徐家伦用力地呸了一声:“直接朝他吐口痰,咱们虽然不能让時間倒退抹去伤害,但是该解气還是要解气。”‘
林焱轻笑出声,心裡却是一阵空荡荡的:“现在再置气,真犯不着了。”
徐家伦立马拥护林焱的话:“是犯不着,现在最打紧的,還是要好好過自個的日子,之前倒霉吃下的果,我們就当是积福。”
“哪有這样子积福的……”林焱一笑置之。
“当然有啊,林焱,根据我徐大仙断言,你下半辈子肯定是福泽连绵。”
“借你吉言。”林焱看向车窗外不断倒退的广告牌,她都不知道自己下半辈子還有多长。
徐家伦见林焱又沉默下来,试着开口:“要不咱们找一個地方庆祝下?”
“好啊。”林焱转過头答应說。
徐家伦有点意外林焱能答应那么爽快,顿时心情也激动起来:“那就找個好地方,我們可要好好庆祝庆祝。”
两個人的庆祝,更好像是约会,徐家伦送林焱回来的时候,徐家伦问林焱:“现在一個人住?”
林焱点头。
“我可以上去坐坐嗎?”徐家伦看着林焱的神色开口。
“很晚了,下次吧。”
徐家伦也不多勉强:“是我考虑不周,那么我先回去了。

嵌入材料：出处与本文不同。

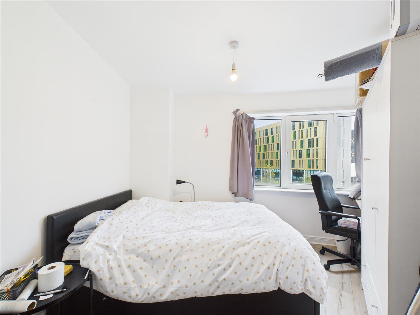 To the front of the apartment, the open plan kitchen/living area sits offering two large windows flooding the space with natural light. The kitchen itself benefits from several fitted wall, base and drawer units, whilst integral appliances include: oven, floating extractor hood, electric hob, dishwasher, under counter fridge and freezer, finished with space for a washing machine. A convenient breakfast bar provides dining space.
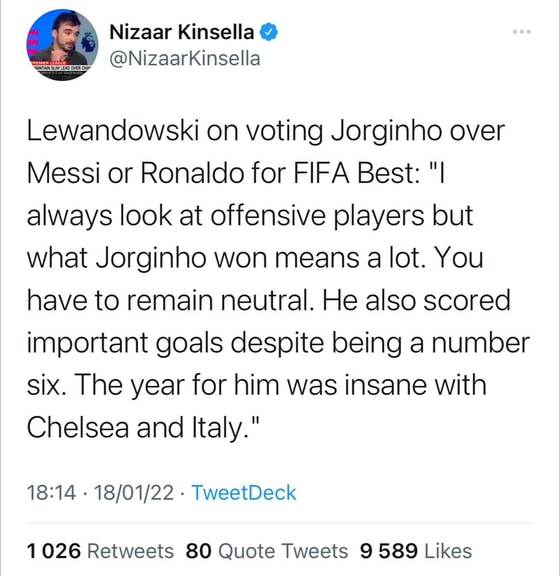 Нападающий «Баварии» Роберт Левандовски рассказал, почему он отдал свой голос Жоржиньо в голосовании за лучшего игрока мира по версии FIFA.
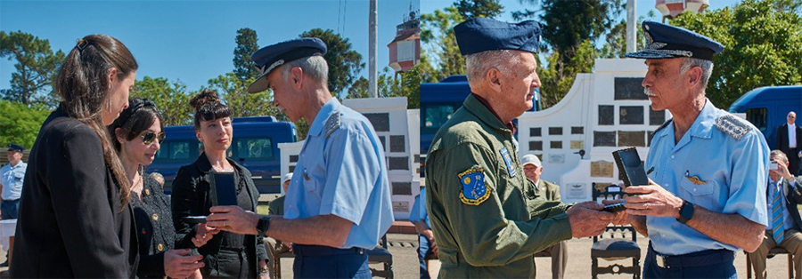 El evento fue presidida por el jefe del Estado Mayor General de la Fuerza Aérea Argentina, brigadier mayor Gustavo Javier Valverde, acompañado del inspector general de la Institución, brigadier Hugo Dirié; ex titulares de la FAA; el secretario general de la Fuerza, brigadier Ricardo Cappabianca; el jefe del Estado Mayor del Comando de Adiestramiento y Alistamiento, brigadier Gonzalo Toloza; el jefe de la II Brigada Aérea, comodoro Maximiliano Ravera, el jefe de Grupo de Reconocimiento Aeroespacial, vicecomodoro Daniel Alberto Gioiosa, veteranos de Guerra de Malvinas, familiares e invitados especiales.
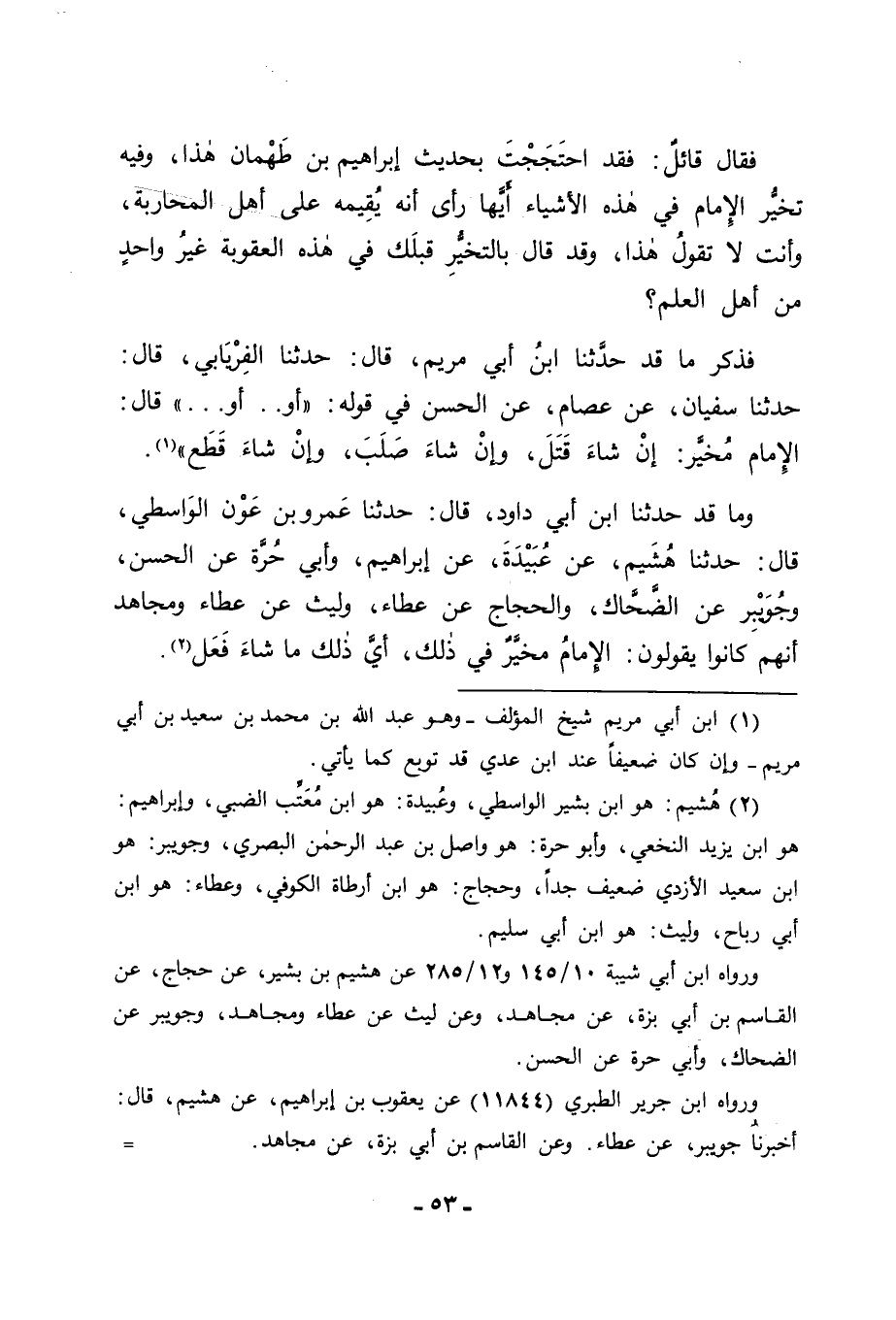 وَمَا قَدْ حَدَّثَنَا ابْنُ أَبِي دَاوُدَ قَالَ: حَدَّثَنَا عَمْرُو بْنُ عَوْنٍ الْوَاسِطِيُّ قَالَ: حَدَّثَنَا هُشَيْمٌ , عَنْ عُبَيْدَةَ , عَنْ إِبْرَاهِيمَ , وَأَبِي حَرَّةَ عَنِ الْحَسَنِ وَجُوَيْبِرٍ عَنِ الضَّحَّاكِ وَالْحَجَّاجِ , عَنْ عَطَاءٍ وَلَيْثٍ , عَنْ عَطَاءٍ وَمُجَاهِدٍ أَنَّهُمْ كَانُوا يَقُولُونَ: " الْإِمَامُ مُخَيَّرٌ فِي ذَلِكَ , أَيَّ ذَلِكَ مَا شَاءَ فَعَلَ " -[54]- وَمَا قَدْ حَدَّثَنَا أَحْمَدُ بْنُ أَبِي دَاوُدَ قَالَ حَدَّثَنَا مُحَمَّدُ بْنُ عَوْنٍ الزِّيَادِيُّ , عَنْ حَمَّادٍ , عَنْ عِمْرَانَ بْنِ حُدَيْرٍ , عَنْ أَبِي مِجْلَزٍ
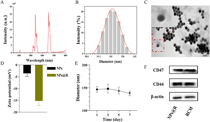 | Fig. 1. Characterization of nanoplatform. (A) The emission spectrum of UCNP under 980 nm excitation. (B) Particle size distribution of NPs@R. (C) TEM image of NPs@R (scale bar: 50 nm). (D) Zeta potential of nanoplatform. (E) Stability assessment of NPs@R over 7 days. (F) Western blot analysis for CD47 and CD44 in NPs@R and RCM, with β-actin as a control. Data are represented as mean ± SD (n = 3). | |
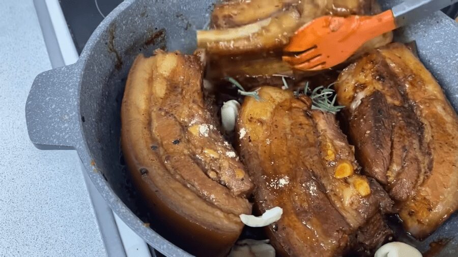 Якщо ви хочете урізноманітнити свій святковий стіл цікавими закусками, або просто порадувати свого чоловіка смачною стравою, приготуйте свинячу грудинку у спеціях. Вона виходить неймовірно ніжною і тане у роті. Секрет цієї грудинки у тому, що вона томиться на маленькому вогні у неймовірно смачному соусі, який складається із пива, соєвого соусу та різноманітних спецій. Виходить неймовірно смачно.
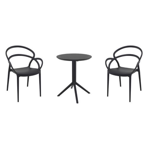 Transform your small outdoor area into a stylish space with Mila arm chairs and Sky 24" round folding table 3 piece bistro set in black. Made from durable polypropylene resin, this bistro set is perfect for balconies, terraces, decks, patios, cafes and restaurants. Mila arm chairs feature a sleek and contemporary design that adds a touch of sophistication to any space. Sky 24" round folding table provides plenty of room for two people to sit and enjoy a meal or drink together.
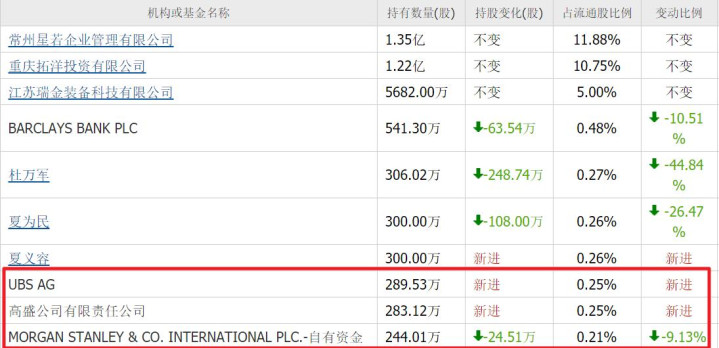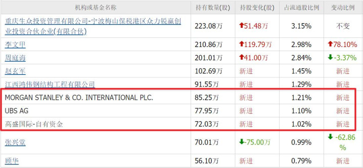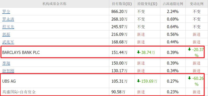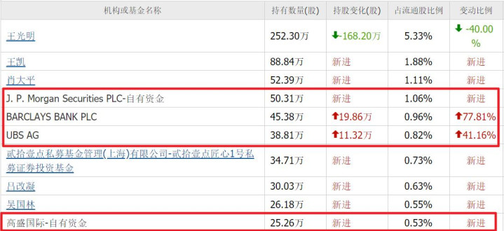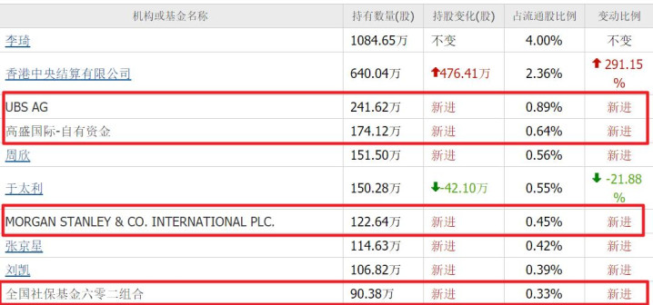 瑞银新进241万股;高盛新进174万股;摩根斯坦利新进122万股;社保基金六零二组合新进90万股,分别位列第三、四、七、十大流通股东。
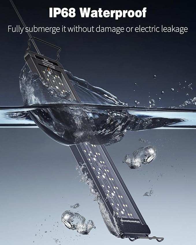 - D/N Mode: Customize the daytime and night working hours with the IP68 waterproof fish tank light. Daytime duration: 6 h, 8 h and 10 h; Night duration: 2 h, 3 h and 4 h. Simulate the daylight and moonlight to create a natural environment.
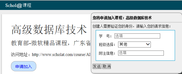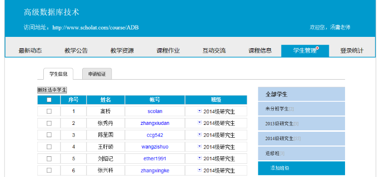 創(chuàng)建人為的課程管理員。創(chuàng)建人可以邀請其他教師或助教加盟“教學(xué)隊(duì)伍”,共同管理課程平臺。教師管理課程學(xué)生及班級,通知學(xué)生加入課程。學(xué)生注冊學(xué)者網(wǎng)(若沒有學(xué)者網(wǎng)賬號),訪問課程網(wǎng)站,點(diǎn)擊“申請加入”。這樣就建立的課程平臺的師生協(xié)作教學(xué)關(guān)系。
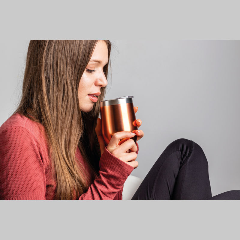 Double-walled, vacuum drinking cup, made of stainless steel, with a capacity of 300 ml and a transparent drinking cap. Your logo will be engraved on the mug.
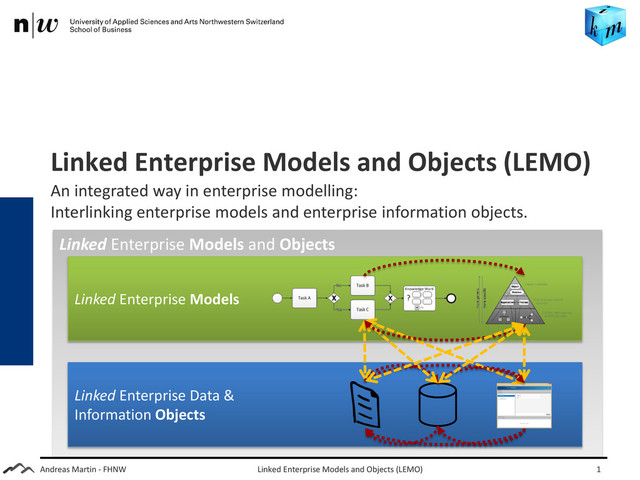are invited to create an enterprise architecture for the School of Business FHNW during research proposal phase. This gives a unique opportunity to put the enterprise architecture methodology into practice and have access to real world data. Apart from that, our experts in enterprise architecture (Knut Hinkelmann and others) will coach the students. Linked Enterprise Models and Objects (LEMO) 13

”
林焱转身上楼,每走几步又被徐家伦拉住:“真的不给我一個告别吻。”
林焱笑眯眯地摇摇头:“路上开车小心点。”
徐家伦回去的时候总觉得心口索绕着一股甜蜜,有些女人明明不是一個好的结婚对象,他却除了她找不到其他想结婚的女人了。
其实林焱又有什么好,徐家伦想,也只是稍稍漂亮了点,但是她身上存在的問題太多,比如年纪不小了、有孩子、关键是還不爱他……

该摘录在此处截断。